▶ Your task
Retype every line of the data below, starting with the first and ending with the line that contains "Dieser 4SO Carthago", but leave out the pictures.
START Records provided
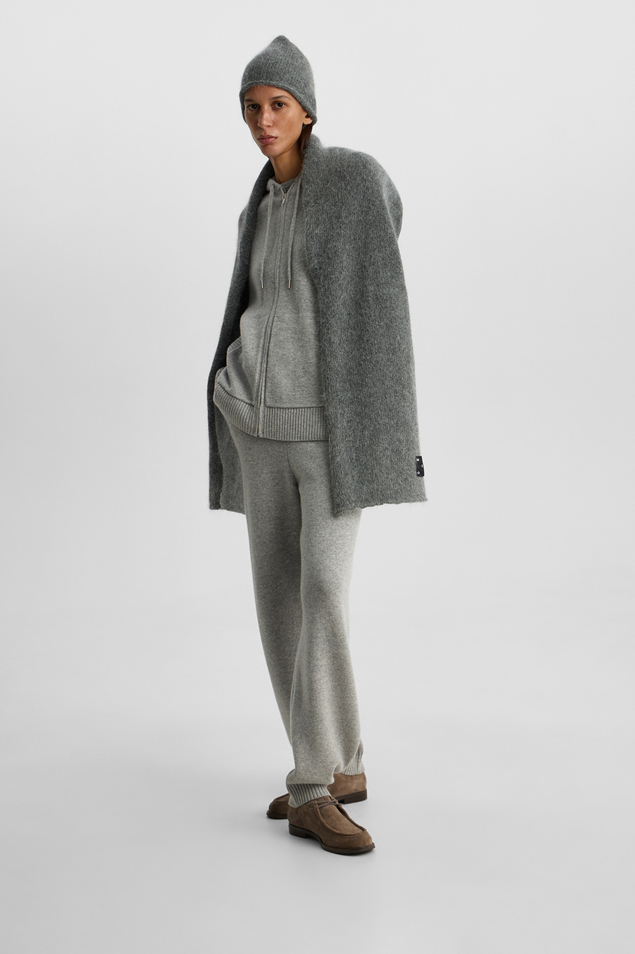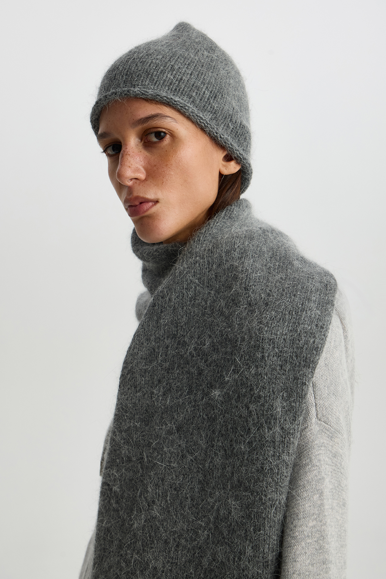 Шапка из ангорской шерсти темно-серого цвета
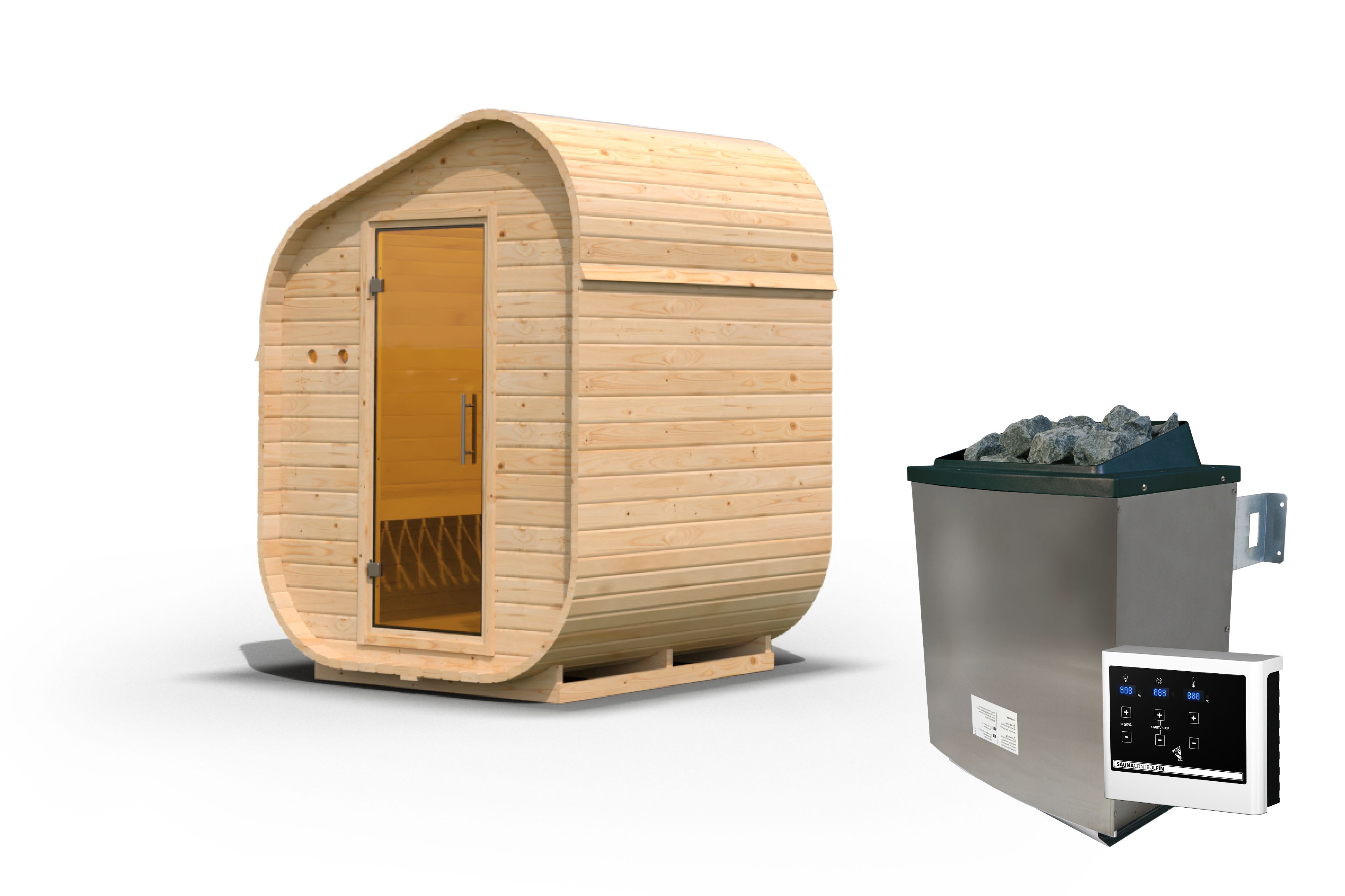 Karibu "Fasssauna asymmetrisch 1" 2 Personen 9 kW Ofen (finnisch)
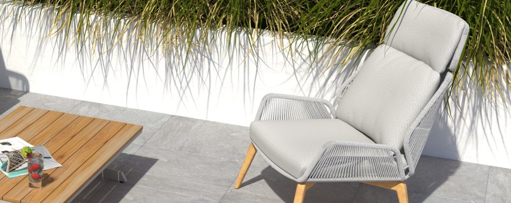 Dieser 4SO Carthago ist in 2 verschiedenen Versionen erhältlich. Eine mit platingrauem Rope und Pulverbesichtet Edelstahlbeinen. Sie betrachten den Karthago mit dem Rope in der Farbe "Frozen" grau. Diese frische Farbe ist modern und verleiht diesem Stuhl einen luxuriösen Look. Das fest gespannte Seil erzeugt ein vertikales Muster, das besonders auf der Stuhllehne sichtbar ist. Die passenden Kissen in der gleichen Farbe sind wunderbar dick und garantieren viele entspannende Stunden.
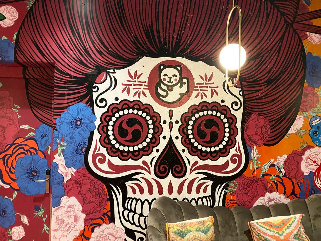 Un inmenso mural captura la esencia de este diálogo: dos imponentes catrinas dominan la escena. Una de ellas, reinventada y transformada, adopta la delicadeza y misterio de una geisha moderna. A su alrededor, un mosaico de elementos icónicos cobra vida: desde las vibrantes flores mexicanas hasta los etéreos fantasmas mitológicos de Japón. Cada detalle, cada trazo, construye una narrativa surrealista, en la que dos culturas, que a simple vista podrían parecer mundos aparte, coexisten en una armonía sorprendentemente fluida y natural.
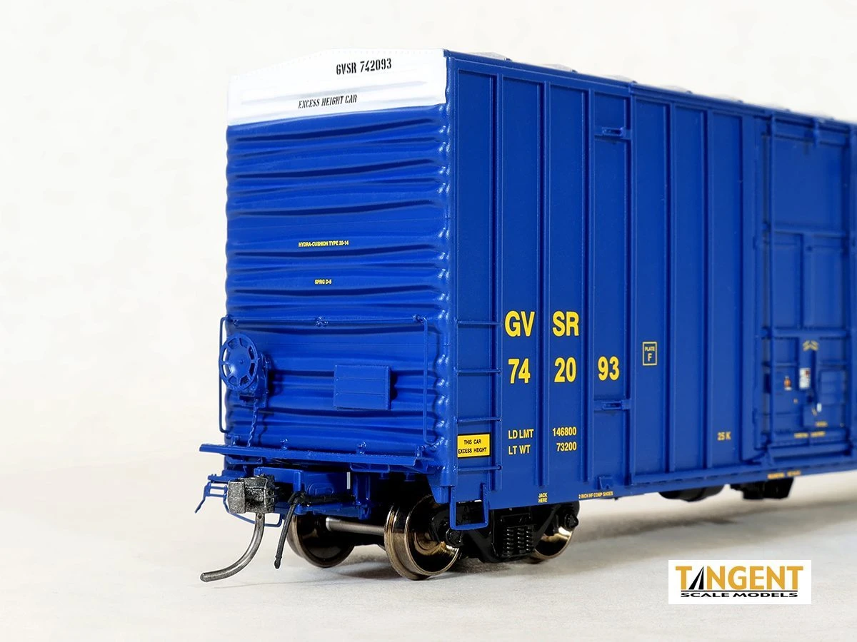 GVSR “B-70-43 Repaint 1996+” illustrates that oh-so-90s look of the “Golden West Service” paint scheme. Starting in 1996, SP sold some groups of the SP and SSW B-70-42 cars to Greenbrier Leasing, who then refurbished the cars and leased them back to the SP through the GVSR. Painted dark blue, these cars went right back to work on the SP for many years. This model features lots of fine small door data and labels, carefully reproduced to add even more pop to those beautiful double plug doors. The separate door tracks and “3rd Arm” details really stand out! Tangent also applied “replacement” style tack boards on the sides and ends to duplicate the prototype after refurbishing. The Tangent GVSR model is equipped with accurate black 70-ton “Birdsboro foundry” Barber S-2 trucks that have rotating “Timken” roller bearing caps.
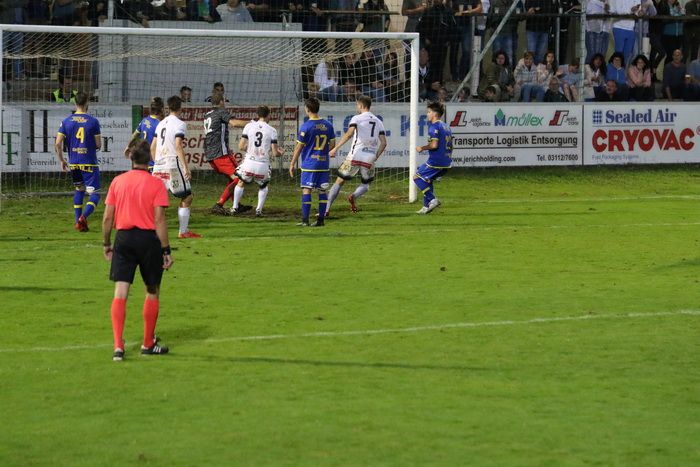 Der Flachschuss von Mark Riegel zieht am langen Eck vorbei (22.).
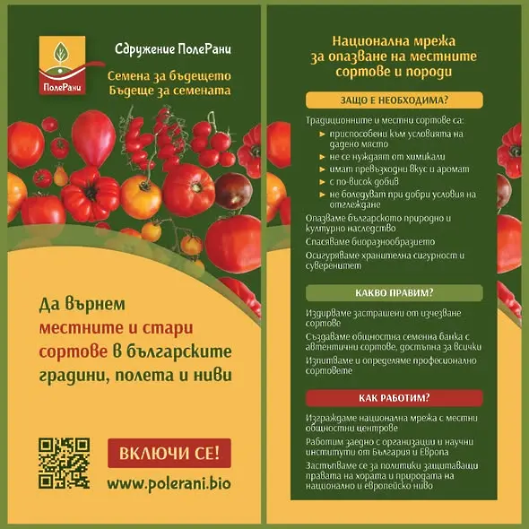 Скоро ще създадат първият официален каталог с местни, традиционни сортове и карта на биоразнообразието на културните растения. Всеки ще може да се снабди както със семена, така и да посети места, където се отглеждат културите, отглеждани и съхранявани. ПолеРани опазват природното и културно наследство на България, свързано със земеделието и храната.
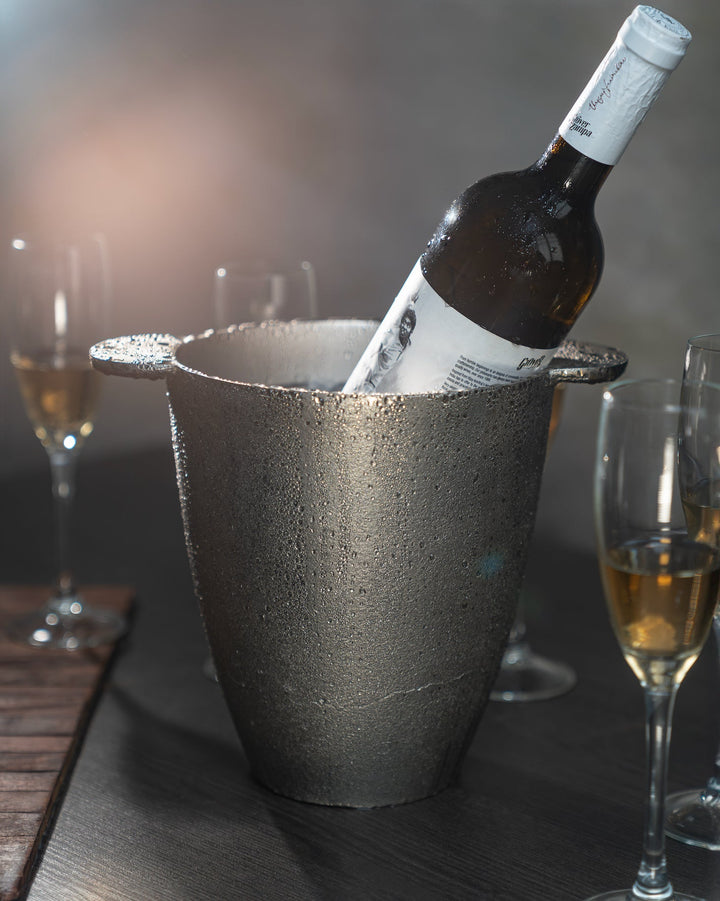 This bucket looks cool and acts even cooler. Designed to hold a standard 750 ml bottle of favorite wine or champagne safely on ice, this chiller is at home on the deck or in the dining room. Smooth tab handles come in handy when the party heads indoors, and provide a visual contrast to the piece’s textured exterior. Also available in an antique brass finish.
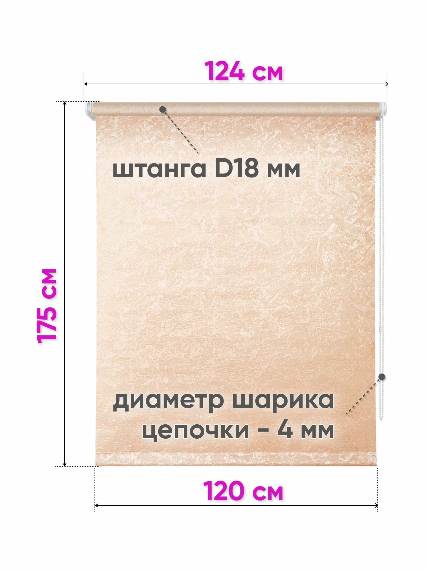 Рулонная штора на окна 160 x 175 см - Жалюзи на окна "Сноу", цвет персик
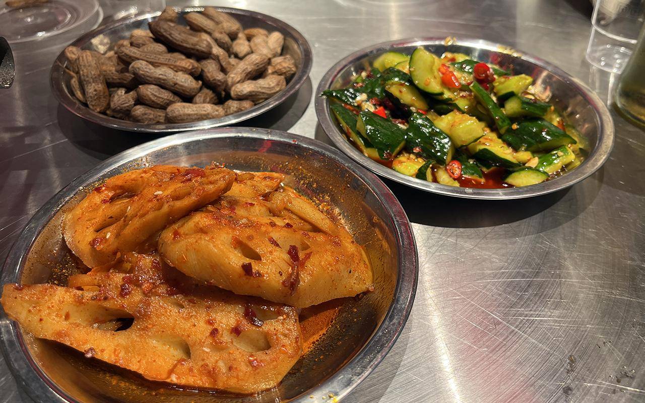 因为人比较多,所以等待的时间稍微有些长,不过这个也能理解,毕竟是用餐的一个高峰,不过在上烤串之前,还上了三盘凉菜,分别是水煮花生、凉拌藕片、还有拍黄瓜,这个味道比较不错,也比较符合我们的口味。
END Records provided
▶ Result
 Шапка из ангорской шерсти темно-серого цвета
 Karibu "Fasssauna asymmetrisch 1" 2 Personen 9 kW Ofen (finnisch)
 Dieser 4SO Carthago ist in 2 verschiedenen Versionen erhältlich. Eine mit platingrauem Rope und Pulverbesichtet Edelstahlbeinen. Sie betrachten den Karthago mit dem Rope in der Farbe "Frozen" grau. Diese frische Farbe ist modern und verleiht diesem Stuhl einen luxuriösen Look. Das fest gespannte Seil erzeugt ein vertikales Muster, das besonders auf der Stuhllehne sichtbar ist. Die passenden Kissen in der gleichen Farbe sind wunderbar dick und garantieren viele entspannende Stunden.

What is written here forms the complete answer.